[EXERCISE MATERIAL]
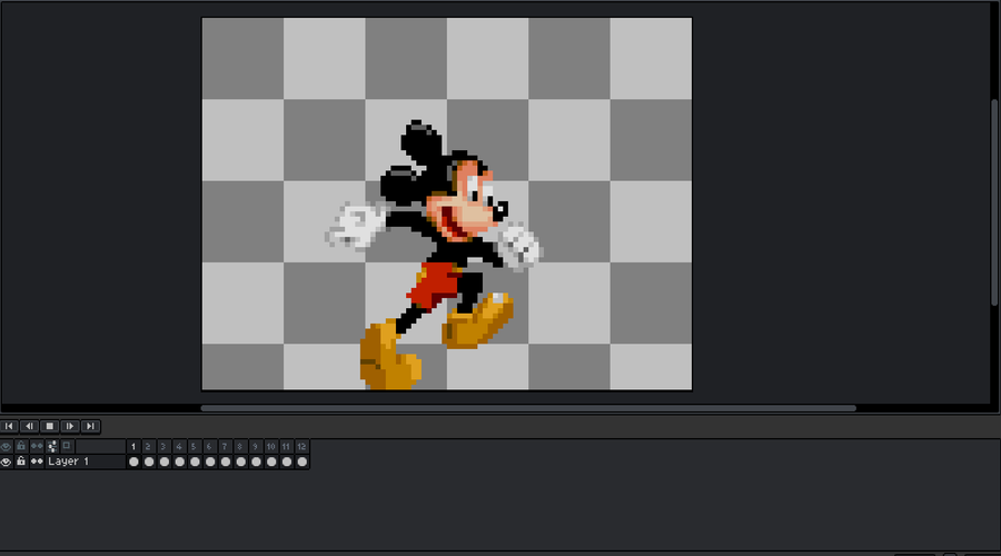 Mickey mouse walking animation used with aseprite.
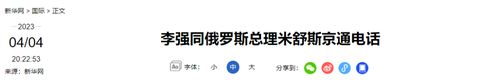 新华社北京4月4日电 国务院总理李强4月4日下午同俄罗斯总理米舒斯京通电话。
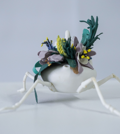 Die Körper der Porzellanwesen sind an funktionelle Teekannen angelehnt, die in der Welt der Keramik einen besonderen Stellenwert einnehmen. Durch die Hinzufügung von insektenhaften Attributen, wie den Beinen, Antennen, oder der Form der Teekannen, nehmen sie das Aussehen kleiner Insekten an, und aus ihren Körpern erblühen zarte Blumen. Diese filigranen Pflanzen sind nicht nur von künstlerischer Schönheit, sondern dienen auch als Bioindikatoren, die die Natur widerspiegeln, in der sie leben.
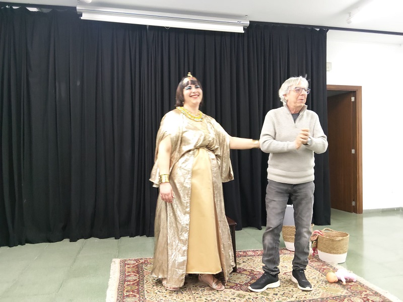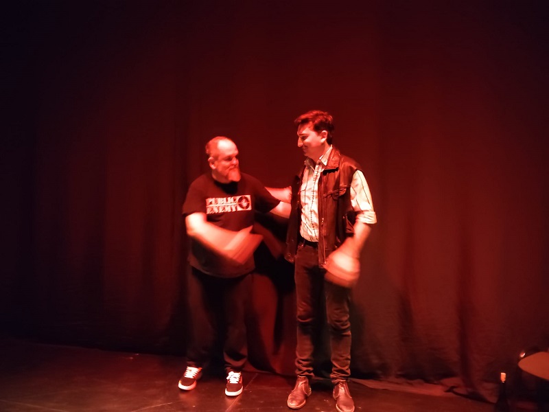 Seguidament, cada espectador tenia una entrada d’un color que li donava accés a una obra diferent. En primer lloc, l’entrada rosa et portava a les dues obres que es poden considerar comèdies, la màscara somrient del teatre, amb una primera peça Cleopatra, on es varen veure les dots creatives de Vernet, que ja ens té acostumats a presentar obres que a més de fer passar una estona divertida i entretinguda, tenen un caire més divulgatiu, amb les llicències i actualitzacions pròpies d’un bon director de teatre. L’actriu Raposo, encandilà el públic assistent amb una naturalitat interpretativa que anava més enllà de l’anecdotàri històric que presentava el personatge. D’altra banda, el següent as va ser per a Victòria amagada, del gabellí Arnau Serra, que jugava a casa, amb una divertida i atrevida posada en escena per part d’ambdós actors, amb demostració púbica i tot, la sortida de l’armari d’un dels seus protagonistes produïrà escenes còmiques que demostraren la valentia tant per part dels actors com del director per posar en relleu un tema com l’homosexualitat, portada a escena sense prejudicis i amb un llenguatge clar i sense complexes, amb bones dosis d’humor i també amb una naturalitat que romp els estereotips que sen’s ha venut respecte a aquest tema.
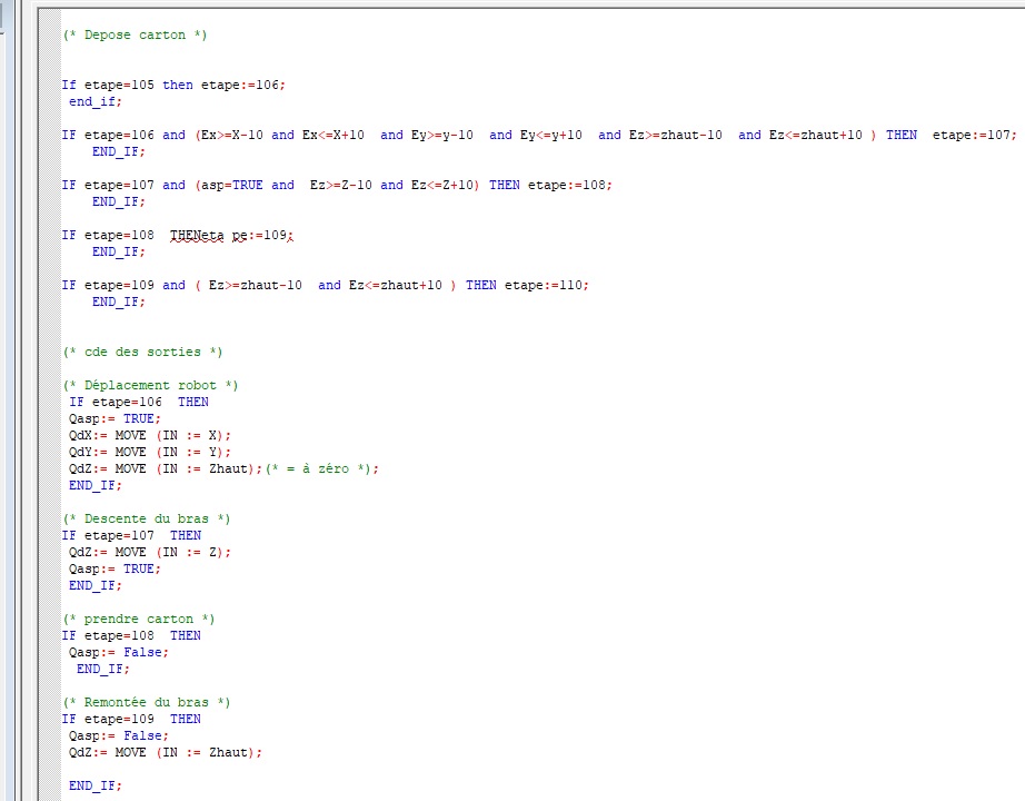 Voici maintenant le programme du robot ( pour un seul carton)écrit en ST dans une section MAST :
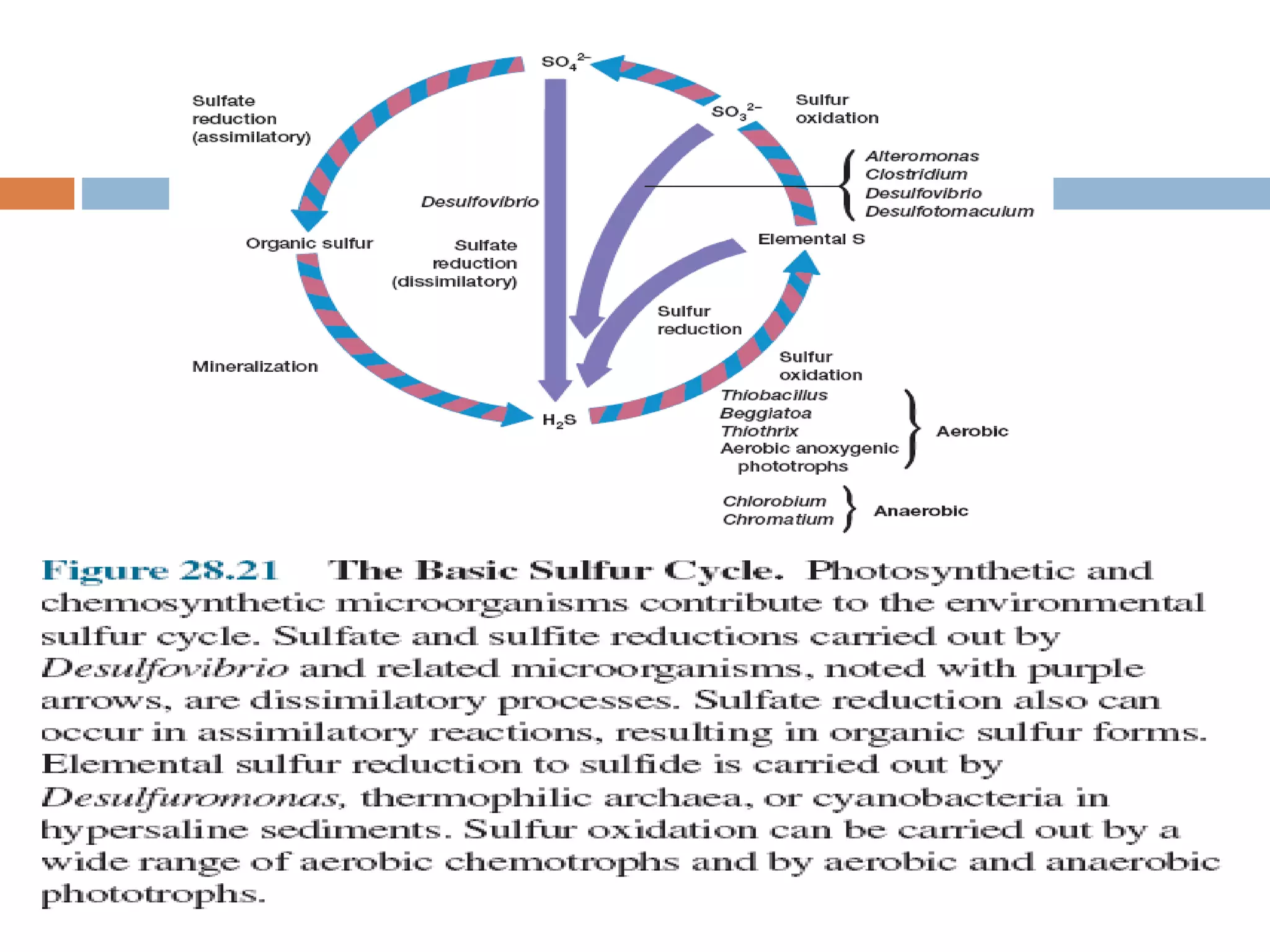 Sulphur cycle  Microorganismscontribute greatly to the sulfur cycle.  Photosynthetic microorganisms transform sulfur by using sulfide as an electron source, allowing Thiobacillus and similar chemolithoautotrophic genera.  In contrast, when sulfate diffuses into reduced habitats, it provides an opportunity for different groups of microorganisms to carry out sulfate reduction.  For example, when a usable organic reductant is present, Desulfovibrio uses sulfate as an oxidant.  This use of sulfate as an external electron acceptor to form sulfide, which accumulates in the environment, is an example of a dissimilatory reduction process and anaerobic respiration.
==
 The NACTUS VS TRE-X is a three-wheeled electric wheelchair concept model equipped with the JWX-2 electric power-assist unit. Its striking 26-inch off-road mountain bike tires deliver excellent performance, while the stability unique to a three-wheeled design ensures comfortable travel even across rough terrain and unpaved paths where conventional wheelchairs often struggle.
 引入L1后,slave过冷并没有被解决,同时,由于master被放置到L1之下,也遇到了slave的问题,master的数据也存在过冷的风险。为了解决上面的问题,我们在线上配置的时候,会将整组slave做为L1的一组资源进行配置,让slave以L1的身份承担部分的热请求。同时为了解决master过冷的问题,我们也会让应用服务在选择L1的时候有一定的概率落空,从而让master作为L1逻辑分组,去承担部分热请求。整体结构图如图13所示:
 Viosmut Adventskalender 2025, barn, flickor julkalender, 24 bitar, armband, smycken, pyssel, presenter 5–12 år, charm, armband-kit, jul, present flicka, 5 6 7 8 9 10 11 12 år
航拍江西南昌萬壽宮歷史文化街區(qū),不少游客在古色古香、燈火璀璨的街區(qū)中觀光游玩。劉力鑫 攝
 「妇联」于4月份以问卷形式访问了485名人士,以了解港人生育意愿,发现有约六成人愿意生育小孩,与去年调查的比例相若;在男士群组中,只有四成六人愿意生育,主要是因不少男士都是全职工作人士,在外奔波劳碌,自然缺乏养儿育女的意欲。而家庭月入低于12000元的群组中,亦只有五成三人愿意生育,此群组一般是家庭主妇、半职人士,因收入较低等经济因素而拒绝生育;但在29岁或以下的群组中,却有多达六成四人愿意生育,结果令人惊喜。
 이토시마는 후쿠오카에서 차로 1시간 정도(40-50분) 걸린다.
--
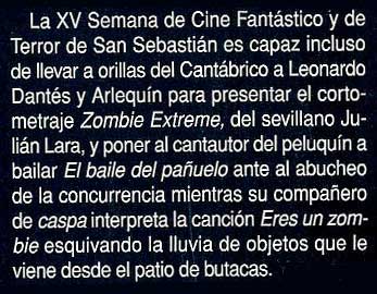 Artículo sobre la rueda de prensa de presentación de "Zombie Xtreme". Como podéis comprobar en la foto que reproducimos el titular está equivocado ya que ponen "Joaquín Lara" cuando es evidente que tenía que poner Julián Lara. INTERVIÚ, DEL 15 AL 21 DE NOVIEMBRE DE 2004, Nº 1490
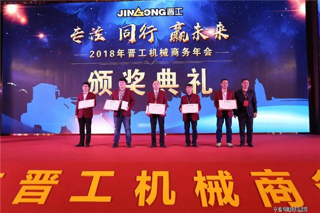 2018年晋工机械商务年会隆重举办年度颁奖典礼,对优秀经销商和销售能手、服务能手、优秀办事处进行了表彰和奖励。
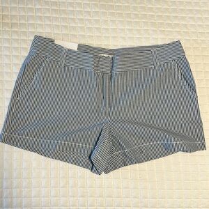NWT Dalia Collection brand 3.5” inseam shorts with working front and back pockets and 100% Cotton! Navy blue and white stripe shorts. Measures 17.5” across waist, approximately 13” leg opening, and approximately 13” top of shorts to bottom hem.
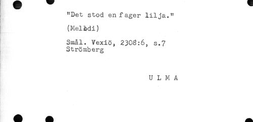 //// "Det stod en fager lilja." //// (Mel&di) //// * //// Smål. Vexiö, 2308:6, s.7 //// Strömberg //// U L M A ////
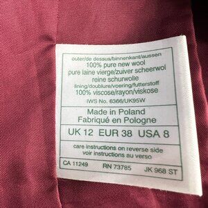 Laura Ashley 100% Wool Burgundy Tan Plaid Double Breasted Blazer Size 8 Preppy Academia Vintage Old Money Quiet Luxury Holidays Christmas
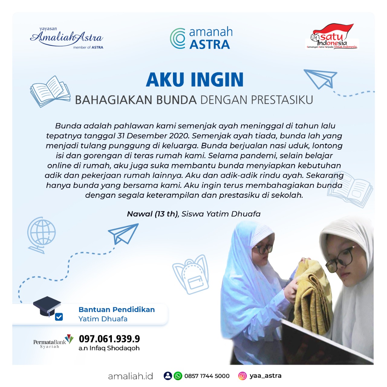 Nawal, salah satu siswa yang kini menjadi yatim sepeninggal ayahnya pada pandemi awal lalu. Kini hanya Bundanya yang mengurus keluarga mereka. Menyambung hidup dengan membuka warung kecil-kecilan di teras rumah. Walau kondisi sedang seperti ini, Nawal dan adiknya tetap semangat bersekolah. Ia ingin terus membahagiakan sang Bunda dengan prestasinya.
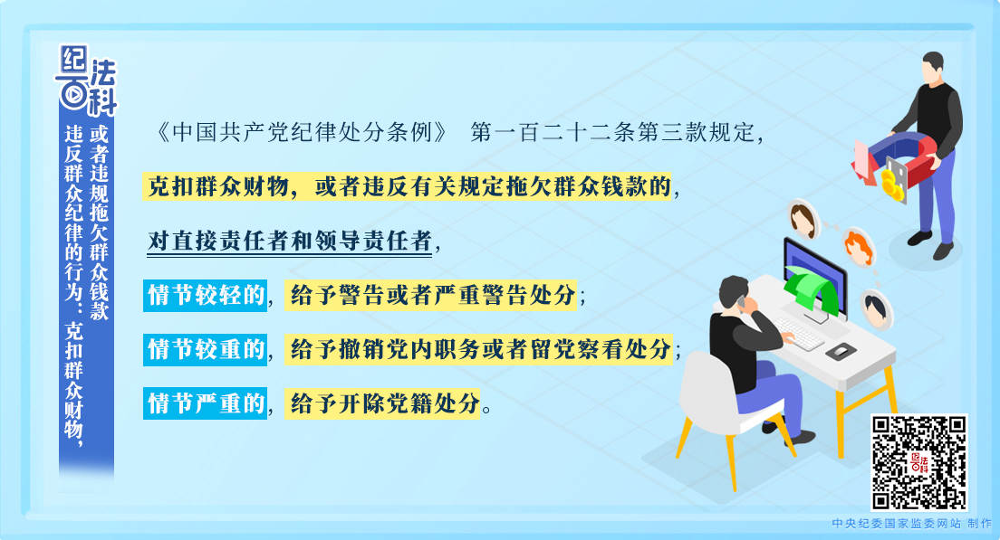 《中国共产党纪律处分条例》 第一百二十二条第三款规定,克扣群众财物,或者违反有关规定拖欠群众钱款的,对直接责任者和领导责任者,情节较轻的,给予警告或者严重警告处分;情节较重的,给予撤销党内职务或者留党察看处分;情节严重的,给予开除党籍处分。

[WORK INSTRUCTION] Output exactly the stretch of the listing that begins at the line containing "Mickey mouse walking" and ends at the line containing "Die Körper der", both kept. Omit pictures and everything else.

[WORKED SOLUTION]
 Mickey mouse walking animation used with aseprite.
 新华社北京4月4日电 国务院总理李强4月4日下午同俄罗斯总理米舒斯京通电话。
 Die Körper der Porzellanwesen sind an funktionelle Teekannen angelehnt, die in der Welt der Keramik einen besonderen Stellenwert einnehmen. Durch die Hinzufügung von insektenhaften Attributen, wie den Beinen, Antennen, oder der Form der Teekannen, nehmen sie das Aussehen kleiner Insekten an, und aus ihren Körpern erblühen zarte Blumen. Diese filigranen Pflanzen sind nicht nur von künstlerischer Schönheit, sondern dienen auch als Bioindikatoren, die die Natur widerspiegeln, in der sie leben.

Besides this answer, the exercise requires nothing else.